ACTIVITY
Could you return every record below exactly as it stands, leaving out the pictures?

DATA PROVIDED
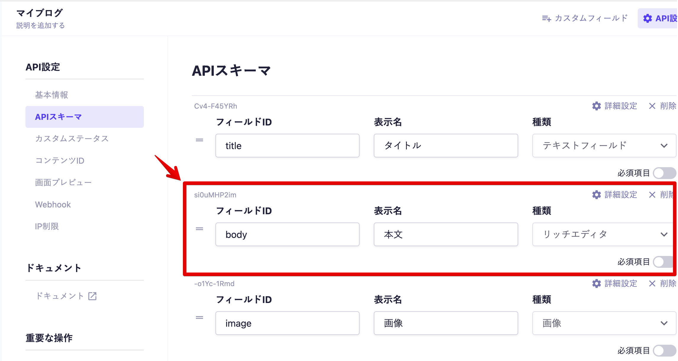 上記dataの「body」としている部分はmicroCMSでリッチエディタ部分として設定した名前を設定します。
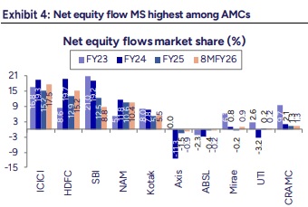 We initiate coverage on ICICIAMC with ‘BUY’ rating, valuing at multiple of 38x on Sep’27 core EPS to arrive at TP of Rs3,000. We are optimistic about its business prospects given (1) its strong performance/parentage which is driving the highest net equity flow market share (17.5% in 8MFY26) among AMCs; (2) its superior equity yields of 67bps due to lowest distributor payout; (3) it accounts for 73.7% of MF sales by ICICIBC due to the latter’s closed architecture; and (4) a higher share of non-MF revenue at 9.2% among peers. We expect equity AAuM CAGR over FY25-28E to be 2.5% higher than industry, leading to core PAT CAGR of 18.5%. Upper band of Rs2,165 suggests a valuation of ~27x on Sep’27 core EPS indicating 17%/16% discount to HDFCAMC (32x) and NAM (32x). ICICIAMC may eventually command a premium to HDFCAMC due to better distribution and diversification while having similar profitability
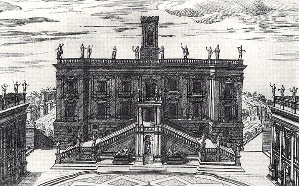 Площадь римского Капитолия по проекту Микеланджело. Палаццо Сенаторов. Гравюра Э. Дюперака. Деталь. 1569.
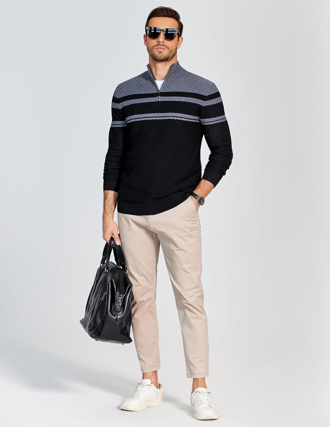 COOFANDY Men’s Quarter Zip Sweaters Slim Fit Lightweight Knitted Mock Neck Pullover Casual Polo Sweaters(Gray Stripes/Black Background)
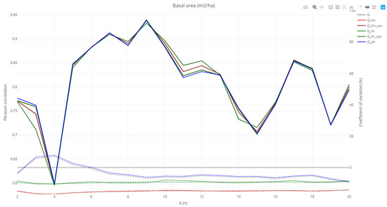 Line chart showing Pearson correlation (continuous line) and relative deviance (dotted line) for basal area estimation based on field data and the TLS derived metrics and variables: G (direct estimates of G estimated using trees detected in TLS data), G.hn, G.hr, G.hn.cov, G.hr.cov (considering occlusion corrections based on distance sampling methodologies) and G_sh (considering occlusion corrections based on the shadowing effect) through a continuous size increment (k) for the k-tree plot design.
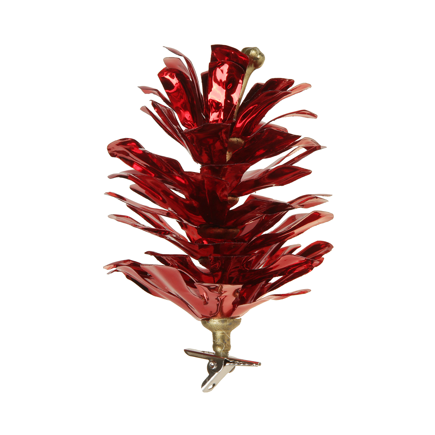 Originale decorazione a forma di pigna rossa in pvc, per donare all'albero di Natale una nota di luce e vivacità. Facile da posizionare sui rami grazie all'apposita clip.
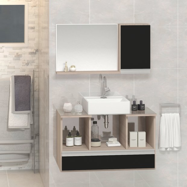 KIT BANHEIRO COMPLETO 80CM - GABINETE + CUBA + ESPELHEIRA + TAMPO VIDRO INCOLOR
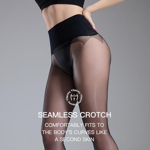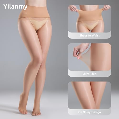 sought-after ! Yilanmy 2 Pairs Seamless Shiny Pantyhose for Women, 360° Seamless Oil Glossy Sheer Tights Shimmer Silk Stockings High Waist
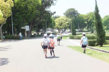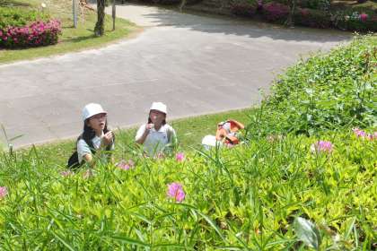 広い緑地内では、なかなかポイントが見つかりません。途中でタンポポの綿帽子を見つけて、フッーと息を吹きかけている子もいました。
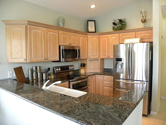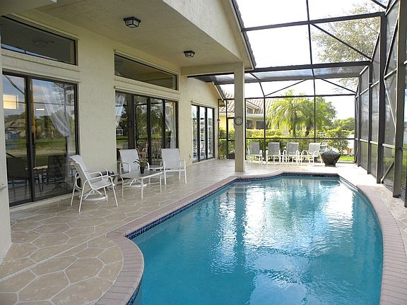 Beautiful lakefront home with vaulted ceilings and lots of windows providing tons of natural light. Renovated kitchen and baths - kitchen features granite and stainless steel appliances - a KitchenAid double oven & range and Samsung refrigerator, microwave and dishwasher, granite in all baths. Newer roof, freshly painted interior, plantation shutters, a new electrical panel and hurricane shutters for windows and doors. Lawn maintenance and basic cable included in HOA dues. Guard gated neighborhood is pet friendly and has beautiful pool, 2 tennis courts and a playground.
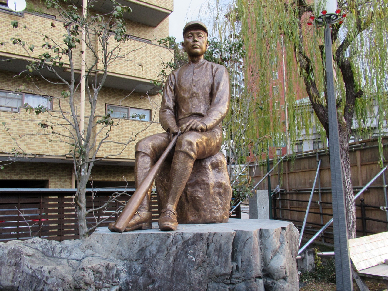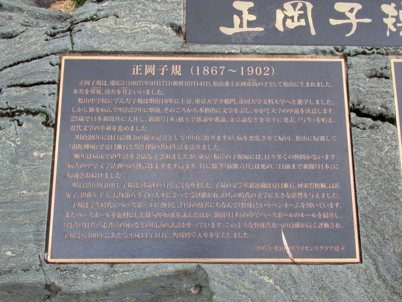 正岡子規については数十年前に中学校の国語の授業で知りましたが、習った時のイメージは野球でした。先生が野球とからめてお話しされたことは間違いないと思います。後に子規が”野球(のぼーる)”を雅号としたり、また「打者」・「走者」・「四球」・「直球」などの訳語を作り出した人物だと知った時も、何の不思議もないと思ったほどですし、平成14年には野球殿堂入りしています。大好きだった野球のユニフォーム姿の像は、本人も嬉しいのではないでしょうか。
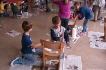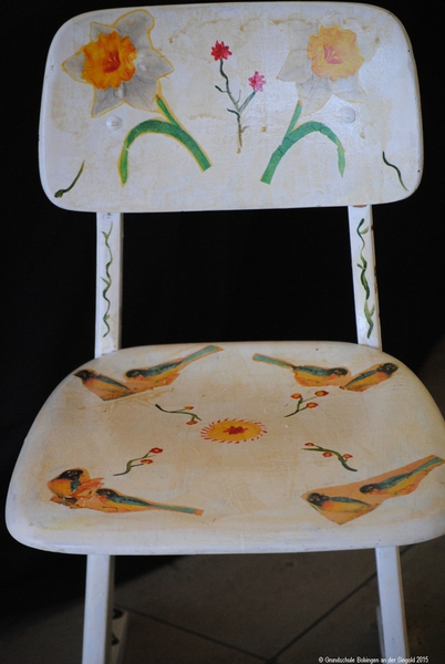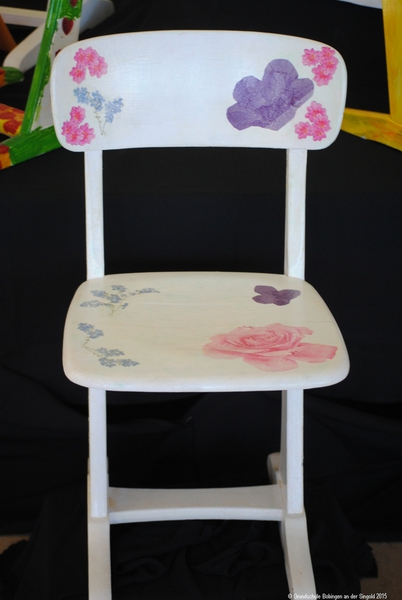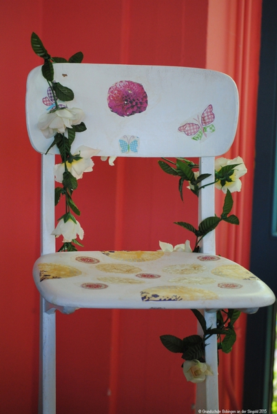Man greift zu Block, Bleistift, Schleifpapier, Farbe und Lack, macht Entwürfe, entfernt jahrelange Gebrauchsspuren, beschäftigt sich mit Material- und Farbenkunde, pinselt, lackiert und dekoriert, bis zum Schluss farbenfrohe, höchst kreative Stuhl-Unikate entstanden sind.
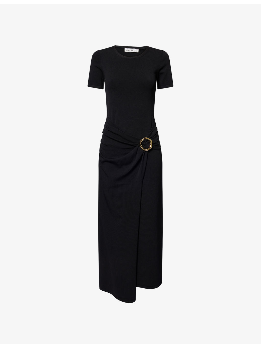 PRODUCT DETAILS - Simkhai knit midi dress - 71% viscose, 29% polyamide - Slim fit, scoop neck, short sleeves, draped panel at front, gold-tone hardware at front - Dry clean - True to size - Size small: length 51.5in / 131cm - Model is 5ft 10in/1.78m and wears a size small - Midweight, slight stretch Ref: R04496776
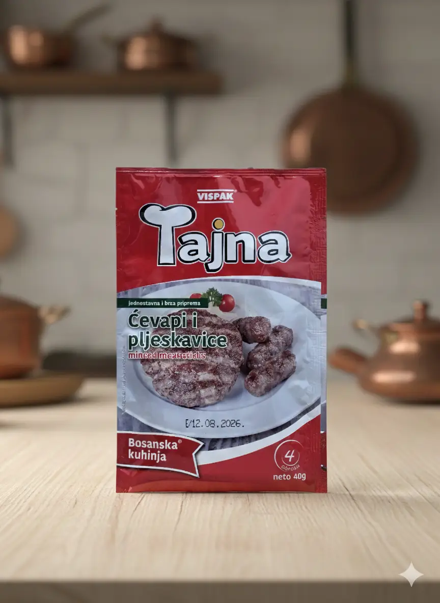 Vispak Ćevapi i Pljeskavice – Gewürzmischung für traditionelle bosnische Fleischgerichte wie Ćevapi und Pljeskavice. Inhalt: 40g.
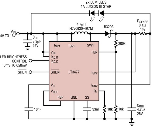 圖3所示的LT3477降壓-升壓型LED驅(qū)動(dòng)器以1A電流驅(qū)動(dòng)兩個(gè)大功率LED。這兩個(gè)LED無(wú)需以地為基準(zhǔn),連接的兩個(gè)端子一般是轉(zhuǎn)換器的輸出和電池輸入。LT3477有兩個(gè)獨(dú)特和具100mV浮動(dòng)電流檢測(cè)輸入引腳,這引腳連接與LED串串聯(lián)而且不以地為基準(zhǔn)的電流檢測(cè)電阻。在汽車電池的工作電壓范圍內(nèi)以及低于這個(gè)范圍時(shí),在電流直到1A的情況下都可實(shí)現(xiàn)準(zhǔn)確的LED穩(wěn)流。LT3477的停機(jī)引腳用于實(shí)現(xiàn)車燈的接通/斷開功能,并在未使用時(shí)將輸入電流降低到1uA(典型值為100nA)。IADJ引腳用來(lái)為后部信號(hào)指示燈或剎車燈等剎車燈和尾燈應(yīng)用實(shí)現(xiàn)高于10:1的模擬調(diào)光比。這類應(yīng)用無(wú)需真彩PWM調(diào)光。
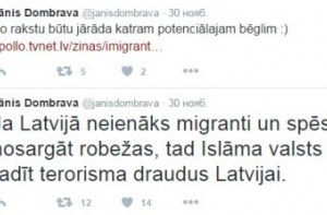 «Если в Латвию не приедут мигранты и если мы сможем охранять границы, то Исламкое государство не сможет создать террористическую угрозу в Латвии», - написал политик в Twitter.
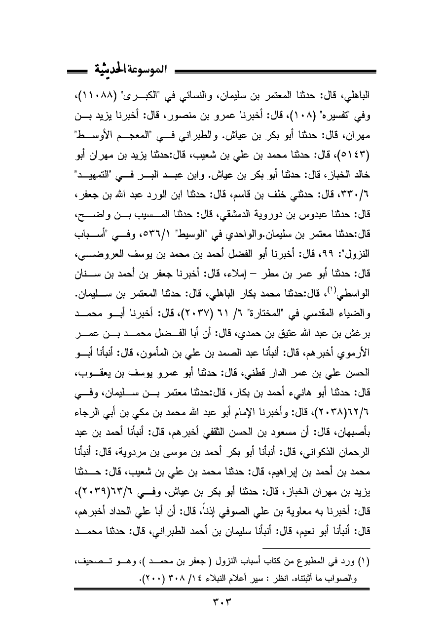 الباهلي، قال: حدثنا المعتمر بن سليمان، والنسائي في "الكبرى" (١١٠٨٨)، وفي تفسيره" (١٠٨)، قال: أخبرنا عمرو بن منصور، قال: أخبرنا يزيد بن مهران، قال: حدثنا أبو بكر بن عياش. والطبراني في "المعجم الأوسط" (٥١٤٣)، قال: حدثنا محمد بن علي بن شعيب، قال: حدثنا يزيد بن مهران أبو خالد الخباز، قال: حدثنا أبو بكر بن عياش. وابن عبد البر في "التمهيد" ٦/ ٣٣٠، قال: حدثني خلف بن قاسم، قال: حدثنا ابن الورد عبد الله بن جعفر، قال: حدثنا عبدوس بن دوروية الدمشقي، قال: حدثنا المسيب بن واضح، قال: حدثنا معتمر بن سليمان. والواحدي في "الوسيط" ١/ ٥٣٦، وفي "أسباب النزول": ٩٩، قال: أخبرنا أبو الفضل أحمد بن محمد بن يوسف العروضي، قال: حدثنا أبو عمر بن مطر - إملاء، قال: أخبرنا جعفر بن أحمد بن سنان الواسطي (¬١)، قال: حدثنا محمد بكار الباهلي، قال: حدثنا المعتمر بن سليمان. والضياء المقدسي في "المختارة" ٦/ ٦١ (٢٠٣٧)، قال: أخبرنا أبو محمد برغش بن عبد الله عتيق بن حمدي، قال: أن أبا الفضل محمد بن عمر الأرموي أخبرهم، قال: أنبأنا عبد الصمد بن علي بن المأمون، قال: أنبأنا أبو الحسن علي بن عمر الدارقطني، قال: حدثنا أبو عمرو يوسف بن يعقوب، قال: حدثنا أبو هانيء أحمد بن بكار، قال: حدثنا معتمر بن سليمان، وفي ٦/ ٦٢ (٢٠٣٨)، قال: وأخبرنا الإمام أبو عبد الله محمد بن مكي بن أبي الرجاء بأصبهان، قال: أن مسعود بن الحسن الثقفي أخبرهم، قال: أنبأنا أحمد بن عبد الرحمان الذكواني، قال: أنبأنا أبو بكر أحمد بن موسى بن مردوية، قال: أنبأنا محمد بن أحمد بن إبراهيم، قال: حدثنا محمد بن علي بن شعيب، قال: حدثنا يزيد بن مهران الخباز، قال: حدثنا أبو بكر بن عياش، وفي ٦/ ٦٣ (٢٠٣٩)، قال: أخبرنا به معاوية بن علي الصوفي إذنًا، قال: أن أبا علي الحداد أخبرهم، قال: أنبأنا أبو نعيم، قال: أنبأنا سليمان بن أحمد الطبراني، قال: حدثنا محمد

WORKED SOLUTION
 上記dataの「body」としている部分はmicroCMSでリッチエディタ部分として設定した名前を設定します。
 We initiate coverage on ICICIAMC with ‘BUY’ rating, valuing at multiple of 38x on Sep’27 core EPS to arrive at TP of Rs3,000. We are optimistic about its business prospects given (1) its strong performance/parentage which is driving the highest net equity flow market share (17.5% in 8MFY26) among AMCs; (2) its superior equity yields of 67bps due to lowest distributor payout; (3) it accounts for 73.7% of MF sales by ICICIBC due to the latter’s closed architecture; and (4) a higher share of non-MF revenue at 9.2% among peers. We expect equity AAuM CAGR over FY25-28E to be 2.5% higher than industry, leading to core PAT CAGR of 18.5%. Upper band of Rs2,165 suggests a valuation of ~27x on Sep’27 core EPS indicating 17%/16% discount to HDFCAMC (32x) and NAM (32x). ICICIAMC may eventually command a premium to HDFCAMC due to better distribution and diversification while having similar profitability
 Площадь римского Капитолия по проекту Микеланджело. Палаццо Сенаторов. Гравюра Э. Дюперака. Деталь. 1569.
 COOFANDY Men’s Quarter Zip Sweaters Slim Fit Lightweight Knitted Mock Neck Pullover Casual Polo Sweaters(Gray Stripes/Black Background)
 Line chart showing Pearson correlation (continuous line) and relative deviance (dotted line) for basal area estimation based on field data and the TLS derived metrics and variables: G (direct estimates of G estimated using trees detected in TLS data), G.hn, G.hr, G.hn.cov, G.hr.cov (considering occlusion corrections based on distance sampling methodologies) and G_sh (considering occlusion corrections based on the shadowing effect) through a continuous size increment (k) for the k-tree plot design.
 Originale decorazione a forma di pigna rossa in pvc, per donare all'albero di Natale una nota di luce e vivacità. Facile da posizionare sui rami grazie all'apposita clip.
 KIT BANHEIRO COMPLETO 80CM - GABINETE + CUBA + ESPELHEIRA + TAMPO VIDRO INCOLOR
 sought-after ! Yilanmy 2 Pairs Seamless Shiny Pantyhose for Women, 360° Seamless Oil Glossy Sheer Tights Shimmer Silk Stockings High Waist
 広い緑地内では、なかなかポイントが見つかりません。途中でタンポポの綿帽子を見つけて、フッーと息を吹きかけている子もいました。
 Beautiful lakefront home with vaulted ceilings and lots of windows providing tons of natural light. Renovated kitchen and baths - kitchen features granite and stainless steel appliances - a KitchenAid double oven & range and Samsung refrigerator, microwave and dishwasher, granite in all baths. Newer roof, freshly painted interior, plantation shutters, a new electrical panel and hurricane shutters for windows and doors. Lawn maintenance and basic cable included in HOA dues. Guard gated neighborhood is pet friendly and has beautiful pool, 2 tennis courts and a playground.
 正岡子規については数十年前に中学校の国語の授業で知りましたが、習った時のイメージは野球でした。先生が野球とからめてお話しされたことは間違いないと思います。後に子規が”野球(のぼーる)”を雅号としたり、また「打者」・「走者」・「四球」・「直球」などの訳語を作り出した人物だと知った時も、何の不思議もないと思ったほどですし、平成14年には野球殿堂入りしています。大好きだった野球のユニフォーム姿の像は、本人も嬉しいのではないでしょうか。
Man greift zu Block, Bleistift, Schleifpapier, Farbe und Lack, macht Entwürfe, entfernt jahrelange Gebrauchsspuren, beschäftigt sich mit Material- und Farbenkunde, pinselt, lackiert und dekoriert, bis zum Schluss farbenfrohe, höchst kreative Stuhl-Unikate entstanden sind.
 PRODUCT DETAILS - Simkhai knit midi dress - 71% viscose, 29% polyamide - Slim fit, scoop neck, short sleeves, draped panel at front, gold-tone hardware at front - Dry clean - True to size - Size small: length 51.5in / 131cm - Model is 5ft 10in/1.78m and wears a size small - Midweight, slight stretch Ref: R04496776
 Vispak Ćevapi i Pljeskavice – Gewürzmischung für traditionelle bosnische Fleischgerichte wie Ćevapi und Pljeskavice. Inhalt: 40g.
 圖3所示的LT3477降壓-升壓型LED驅(qū)動(dòng)器以1A電流驅(qū)動(dòng)兩個(gè)大功率LED。這兩個(gè)LED無(wú)需以地為基準(zhǔn),連接的兩個(gè)端子一般是轉(zhuǎn)換器的輸出和電池輸入。LT3477有兩個(gè)獨(dú)特和具100mV浮動(dòng)電流檢測(cè)輸入引腳,這引腳連接與LED串串聯(lián)而且不以地為基準(zhǔn)的電流檢測(cè)電阻。在汽車電池的工作電壓范圍內(nèi)以及低于這個(gè)范圍時(shí),在電流直到1A的情況下都可實(shí)現(xiàn)準(zhǔn)確的LED穩(wěn)流。LT3477的停機(jī)引腳用于實(shí)現(xiàn)車燈的接通/斷開功能,并在未使用時(shí)將輸入電流降低到1uA(典型值為100nA)。IADJ引腳用來(lái)為后部信號(hào)指示燈或剎車燈等剎車燈和尾燈應(yīng)用實(shí)現(xiàn)高于10:1的模擬調(diào)光比。這類應(yīng)用無(wú)需真彩PWM調(diào)光。
 «Если в Латвию не приедут мигранты и если мы сможем охранять границы, то Исламкое государство не сможет создать террористическую угрозу в Латвии», - написал политик в Twitter.
 الباهلي، قال: حدثنا المعتمر بن سليمان، والنسائي في "الكبرى" (١١٠٨٨)، وفي تفسيره" (١٠٨)، قال: أخبرنا عمرو بن منصور، قال: أخبرنا يزيد بن مهران، قال: حدثنا أبو بكر بن عياش. والطبراني في "المعجم الأوسط" (٥١٤٣)، قال: حدثنا محمد بن علي بن شعيب، قال: حدثنا يزيد بن مهران أبو خالد الخباز، قال: حدثنا أبو بكر بن عياش. وابن عبد البر في "التمهيد" ٦/ ٣٣٠، قال: حدثني خلف بن قاسم، قال: حدثنا ابن الورد عبد الله بن جعفر، قال: حدثنا عبدوس بن دوروية الدمشقي، قال: حدثنا المسيب بن واضح، قال: حدثنا معتمر بن سليمان. والواحدي في "الوسيط" ١/ ٥٣٦، وفي "أسباب النزول": ٩٩، قال: أخبرنا أبو الفضل أحمد بن محمد بن يوسف العروضي، قال: حدثنا أبو عمر بن مطر - إملاء، قال: أخبرنا جعفر بن أحمد بن سنان الواسطي (¬١)، قال: حدثنا محمد بكار الباهلي، قال: حدثنا المعتمر بن سليمان. والضياء المقدسي في "المختارة" ٦/ ٦١ (٢٠٣٧)، قال: أخبرنا أبو محمد برغش بن عبد الله عتيق بن حمدي، قال: أن أبا الفضل محمد بن عمر الأرموي أخبرهم، قال: أنبأنا عبد الصمد بن علي بن المأمون، قال: أنبأنا أبو الحسن علي بن عمر الدارقطني، قال: حدثنا أبو عمرو يوسف بن يعقوب، قال: حدثنا أبو هانيء أحمد بن بكار، قال: حدثنا معتمر بن سليمان، وفي ٦/ ٦٢ (٢٠٣٨)، قال: وأخبرنا الإمام أبو عبد الله محمد بن مكي بن أبي الرجاء بأصبهان، قال: أن مسعود بن الحسن الثقفي أخبرهم، قال: أنبأنا أحمد بن عبد الرحمان الذكواني، قال: أنبأنا أبو بكر أحمد بن موسى بن مردوية، قال: أنبأنا محمد بن أحمد بن إبراهيم، قال: حدثنا محمد بن علي بن شعيب، قال: حدثنا يزيد بن مهران الخباز، قال: حدثنا أبو بكر بن عياش، وفي ٦/ ٦٣ (٢٠٣٩)، قال: أخبرنا به معاوية بن علي الصوفي إذنًا، قال: أن أبا علي الحداد أخبرهم، قال: أنبأنا أبو نعيم، قال: أنبأنا سليمان بن أحمد الطبراني، قال: حدثنا محمد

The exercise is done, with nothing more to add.